"Find your place, dig in, and defend it." --Gary Snyder
Wade Davis describes the enduring relationship between the tribes of Peru and the land. The Inca did not worship their shrines, which the Spanish could destroy, but the land itself. In their daily life and rituals, they defined their place and proclaimed their sense of belonging. (One River, p.438)
“The physical characteristics that bear on group identity extend in critical ways to the place, the land, the soil to which the group is attached, literally, historically, mythically. (Idols of the Tribe). Territory has a critical role to play in maintaining group separateness; without it, a nationality has difficulty becoming a nation, and a nation cannot become a state. In the most literal sense, the physical environment has to be seen as the extension of the physical being of people.
Oliver Sachs describes how his paralyzed leg had "vanished, taking its place with it...The leg had vanished taking its 'past' away with it. I could no longer remember having a leg." (See Oliver Sachs, A Leg to Stand On, New York, 1984,)

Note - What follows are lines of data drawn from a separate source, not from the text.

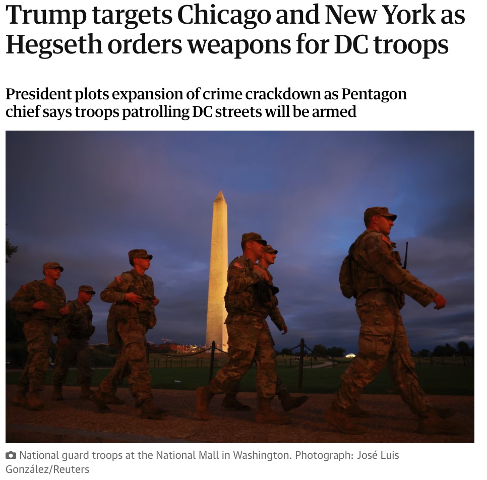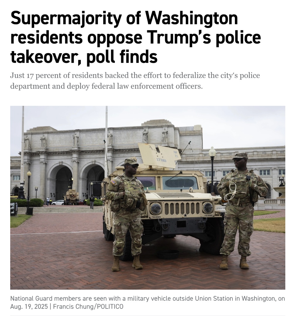 △美國“政治”網(wǎng)站報道,79%的華盛頓特區(qū)居民反對聯(lián)邦接管特區(qū)警務(wù)并部署國民警衛(wèi)隊的做法。
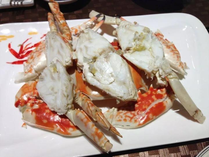 锈斑蟳,也叫红花蟹,生长于中国东南沿海一带,色彩艳丽,贝壳上花纹也十分漂亮。要说有什么缺点,大概就是它的味道算不上顶级。不过因为一道菜,红花蟹的身价也水涨船高。
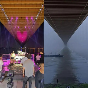 5月20日,由武汉城投城运集团公司打造的“江影·杨泗港城市灯光音乐社”投入试运营,强势入驻杨泗港大桥桥下空间,植入餐饮、表演、霓虹灯光秀及文创市集。
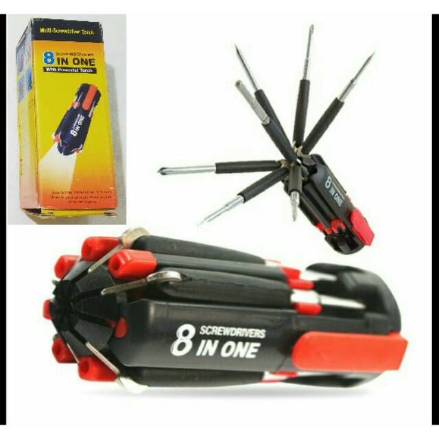Anda sering kesal karena beberapa jenis obeng anda sering hilang / tercecer ???Anda sering kesal saat melakukan aktivitas pertukangan seperti membuka baut tiba2 lampu mati ? Ataupun anda biasa bekerja ditempat gelap karena tuntutan profesi ?Telah Hadir !!!Obeng Multifungsi dilengkapi dengan 8 Jenis Obeng berbagai ukuran disertai dengan Lampu Sinar yang Terang Benderang !!Kegunaan :1. Memiliki 8 Jenis Obeng dari yang Besar sampe yang Terkecil dan ber-Magnet sehingga memudahkan sekali untuk pengerjaan pada sekrup kecil.2. Pekerjaan Rumah tidak Repot lagi, tidak perlu mencari-cari Obeng dengan jenis tertentu, cukup 1 alat semua teratasi.3. Memiliki Lampu Sinar yang terang benderang sehingga memudahkan pengerjaan di sudut sempit, gelap dan pada saat Listrik Mati, sangat membantu.4. Kuat dan Kokoh tidak gampang Rusak !!5. Bentuknya Simple, Handy dan Praktis, mudah untuk dibawa kemanapun (Persiapan saat Berkendara, di Rumah, di Kantor dll)Spesifikasi Produk :1. Menggunakan batery AAA - 3 pcs untuk lampu senter (Tidak Termasuk)Posisi baterai yang 2 positif menghadap atas, yang 1 negatif hadap atas (++-)2. Handle Material dari ABS3. Material Obeng terbuat dari baja4. dilengkapi dengan kotak untuk pakingnya5. Warna hitam - Merah6. Ukuran : 8cm x 4.8cm x 14cm.#obeng #obeng8in1 #obengmultifu
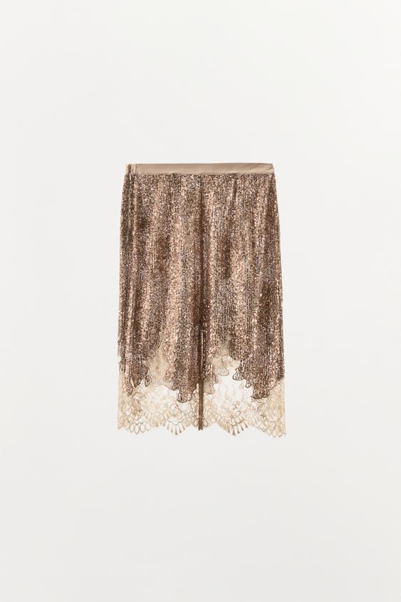 ZARA ЮБКА С ПАЙЕТКАМИ И КРУЖЕВОМ, МЕДНЫЙ

More and more of us live in what Edward Said has called a "general condition of homelessness," a world where identities are coming to be deterritorialized, or differently territorialized. In a world of diaspora, transnational culture flows, and mass movements of populations, in which familiar lines between "here" and "there", center and periphery, colony and metropole become blurred.
Marc Augé reiterates the requirement of "recognition" as essential to place. "We all need places in which we recognise ourselves and in which others can recognise us as easily as we recognise them." (see: Non-Places: Introduction to an Anthropology of Supermodernity)
In Bit Cities, William Mitchell describes his e-mail address as both a place in some sense and a configuration of identity. He claims that this double usage reworks the Aristotelian notion of place as belonging.